-- Data for analysis follows --

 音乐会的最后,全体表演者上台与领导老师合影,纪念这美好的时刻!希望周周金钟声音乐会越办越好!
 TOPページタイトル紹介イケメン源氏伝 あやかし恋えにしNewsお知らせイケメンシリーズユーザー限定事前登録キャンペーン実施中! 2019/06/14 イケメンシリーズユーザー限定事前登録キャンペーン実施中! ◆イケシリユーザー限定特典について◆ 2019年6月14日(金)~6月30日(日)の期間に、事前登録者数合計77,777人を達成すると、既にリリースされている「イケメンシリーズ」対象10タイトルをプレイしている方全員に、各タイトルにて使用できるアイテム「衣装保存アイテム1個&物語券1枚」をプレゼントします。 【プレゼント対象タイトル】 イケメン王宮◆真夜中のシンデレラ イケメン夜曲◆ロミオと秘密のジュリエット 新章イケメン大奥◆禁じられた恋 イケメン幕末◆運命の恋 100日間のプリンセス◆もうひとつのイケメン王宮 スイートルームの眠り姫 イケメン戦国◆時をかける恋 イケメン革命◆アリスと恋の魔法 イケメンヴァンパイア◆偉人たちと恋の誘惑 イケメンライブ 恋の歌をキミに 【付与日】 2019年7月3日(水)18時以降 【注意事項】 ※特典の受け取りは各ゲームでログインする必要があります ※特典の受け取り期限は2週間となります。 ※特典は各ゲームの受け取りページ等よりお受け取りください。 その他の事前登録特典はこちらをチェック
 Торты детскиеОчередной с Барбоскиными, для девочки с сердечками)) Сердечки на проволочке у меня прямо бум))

-- Data for analysis concluded --
-- Data for analysis follows --

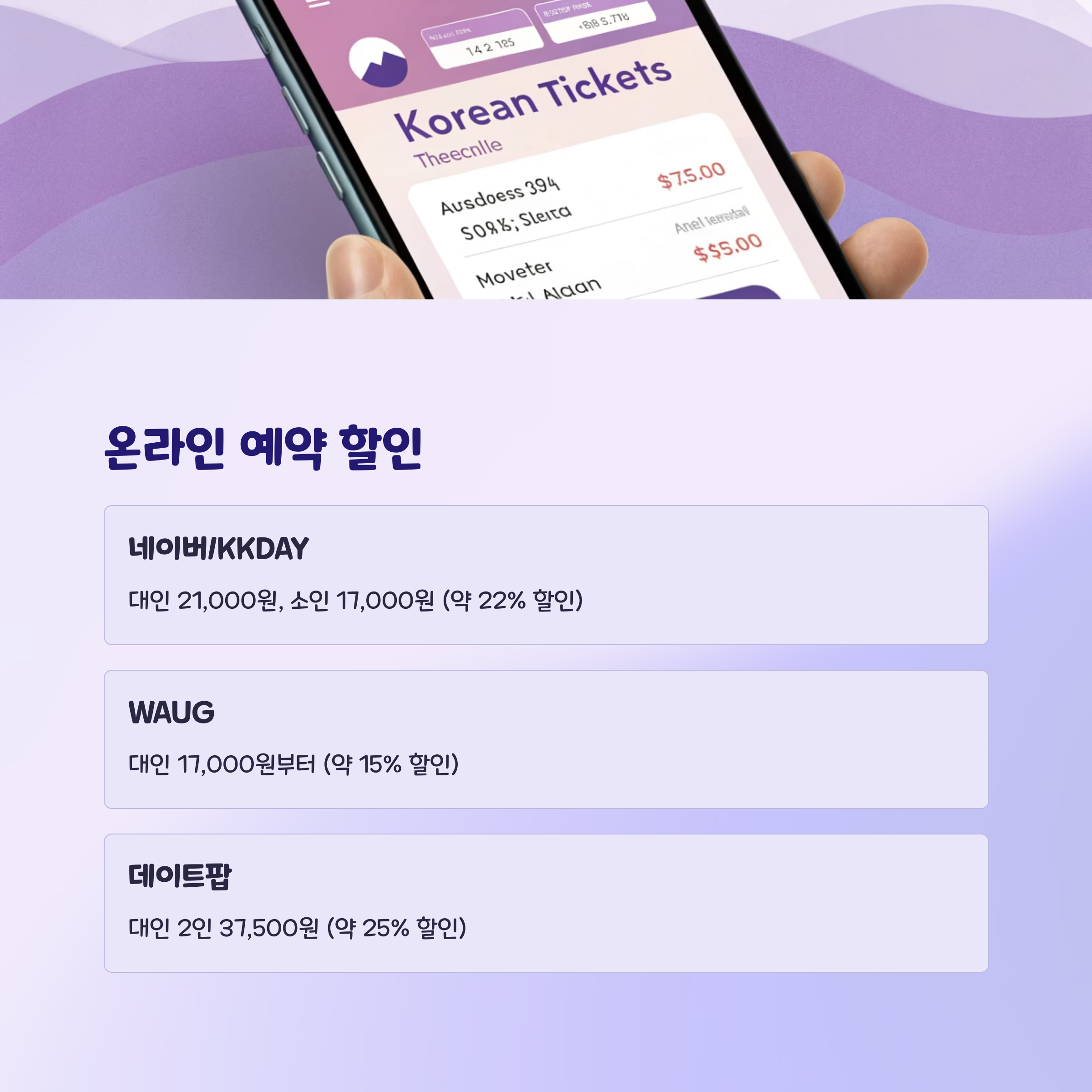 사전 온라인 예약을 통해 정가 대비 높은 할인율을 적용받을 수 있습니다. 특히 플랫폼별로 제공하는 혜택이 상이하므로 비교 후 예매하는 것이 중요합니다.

-- Data for analysis concluded --
-- Data for analysis follows --

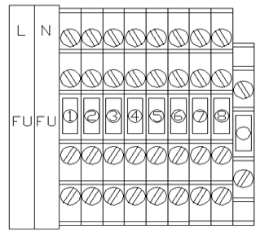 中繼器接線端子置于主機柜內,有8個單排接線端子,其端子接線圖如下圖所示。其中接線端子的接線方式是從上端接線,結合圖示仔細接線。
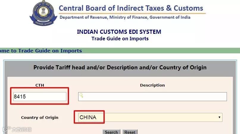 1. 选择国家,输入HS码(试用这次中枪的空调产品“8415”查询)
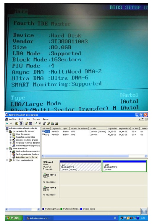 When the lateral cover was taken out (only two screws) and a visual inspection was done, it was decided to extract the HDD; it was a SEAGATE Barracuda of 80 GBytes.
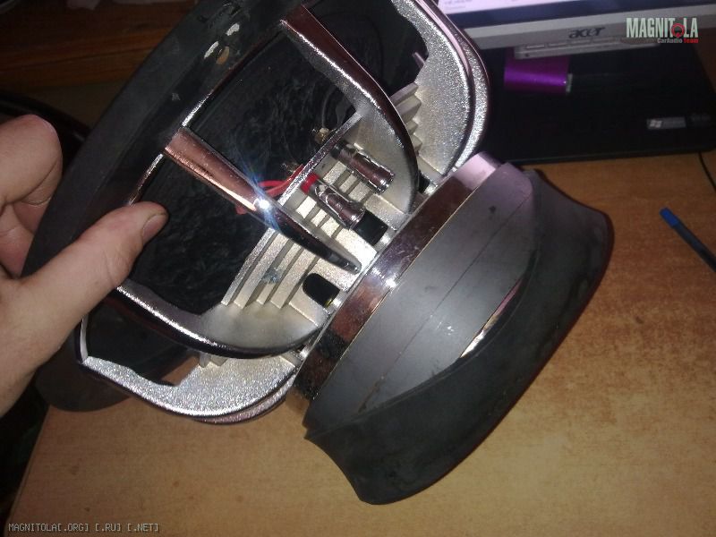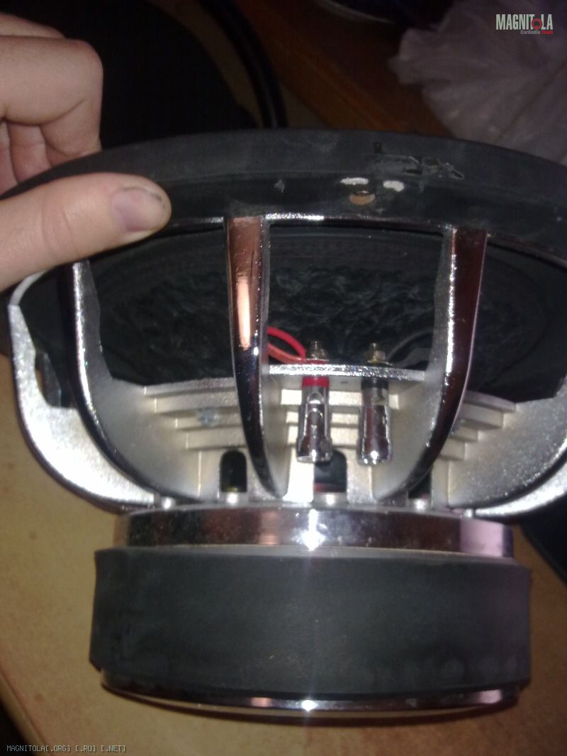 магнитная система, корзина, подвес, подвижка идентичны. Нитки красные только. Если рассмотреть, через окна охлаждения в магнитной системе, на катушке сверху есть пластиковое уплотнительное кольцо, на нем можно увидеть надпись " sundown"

-- Data for analysis concluded --

Try it
Leaving out the pictures, please output the lines in the entries above from the one with "中繼器接線端子置于主機柜內,有8個單排接" through the one with "When the lateral", exactly as they are.

Response
 中繼器接線端子置于主機柜內,有8個單排接線端子,其端子接線圖如下圖所示。其中接線端子的接線方式是從上端接線,結合圖示仔細接線。
 1. 选择国家,输入HS码(试用这次中枪的空调产品“8415”查询)
 When the lateral cover was taken out (only two screws) and a visual inspection was done, it was decided to extract the HDD; it was a SEAGATE Barracuda of 80 GBytes.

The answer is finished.